The condition of the record at the time the exhibits were tendered was this: Thomas was before the court on his plea of general denial, his counsel was suggesting that the lumber invoiced to Thomas was salvaged from sheds at the Grogan Manufacturing Company and the instrument offered pertained to the sale of sheds purchased by Thomas from that company. The evidence in the record showed the salvaged lumber invoiced to Thomas was not the same lumber Thomas .bought from Grogan Manufacturing Company. Clearly, the objection at the time the court ruled was well taken as Grogan Manufacturing Company was a stranger to the cause
Assuming, without deciding, that later evidence made admissible the excluded exhibits, the rule now quoted, taken from Corpus Juris Secundum, applies. “Where the evidence is immaterial, its exclusion is not ground for reversal even if it would have been pertinent to the case as subsequently developed and its rejection if offered subsequently would have been erroneous.”
Appellant’s points of error are overruled and the judgment of the trial court is affirmed.
. 1 Tex .Law of Evidence, p. 29, See. 29.
. Appeal and Error, 5A C.J.S. Appeal & Error § 1739, page 1078; “Evidence” 23 Tex.Jur. (2) 202 Sec. 139.
. Huckins v.
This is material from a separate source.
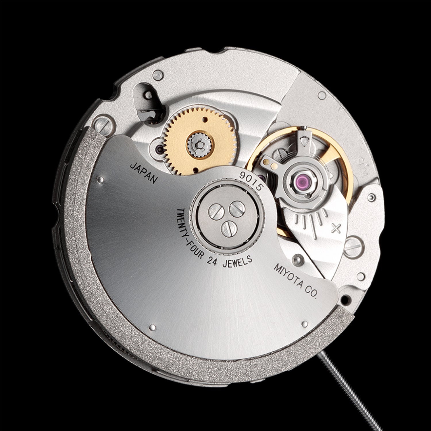 Miyota 9015, 28,800 beats, 42 hours power reserve with custom date and hacking seconds. Accuracy: ー10~+30 sec/day.
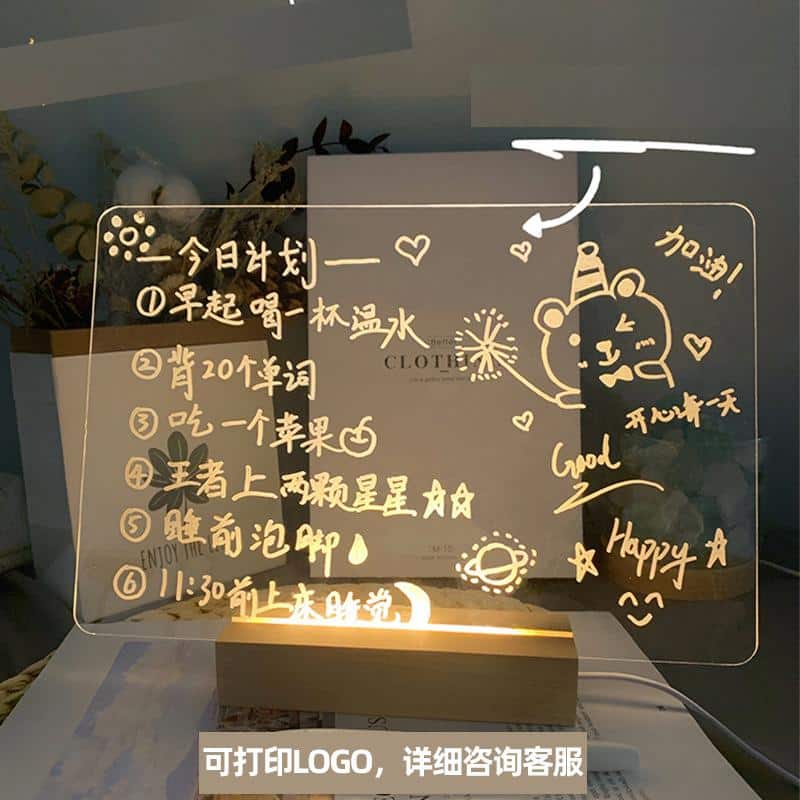 Découvrez notre veilleuse bloc note LED. Elle est à la fois fonctionnelle et pratique. En effet, cette veilleuse vous permet d’écrire ce dont vous avez envie, pour ensuite l’afficher dans votre chambre ou bureau. Ainsi, votre liste de tâche ne sera plus oubliée et même mieux, affichée !

Kapf, 4 Willson Civ.Cas.Ct.App. 16, 14 S.W. 1016; Hooss v. Willingham, Tex.Civ.App., 35 S.W.2d 847, “Evidence” 23 Tex.Jur. 202, See. 139.
. Watson v. Walker et al., 67 Tex. 651, 4 S.W. 576; Gruss v. Cummins, Tex.Civ.App., 329 S.W.2d 496, N.W.H.; American General Insurance Company v. Sims, Tex.Civ.App., 278 S.W.2d 586, N.R.E.; Williams v. Texas Employers’ Ins. Ass’n., Tex.Civ.App., 218 S.W.2d 482, N.R.E.
. “Appeal and Error”, 5A C.J.S. Appeal & Error § 1740, page 1078.
. 1 Texas Law of Evidence, p. 29, Sec. 29; “Evidence”, 23 T.J.2d p. 320, Sec. 207.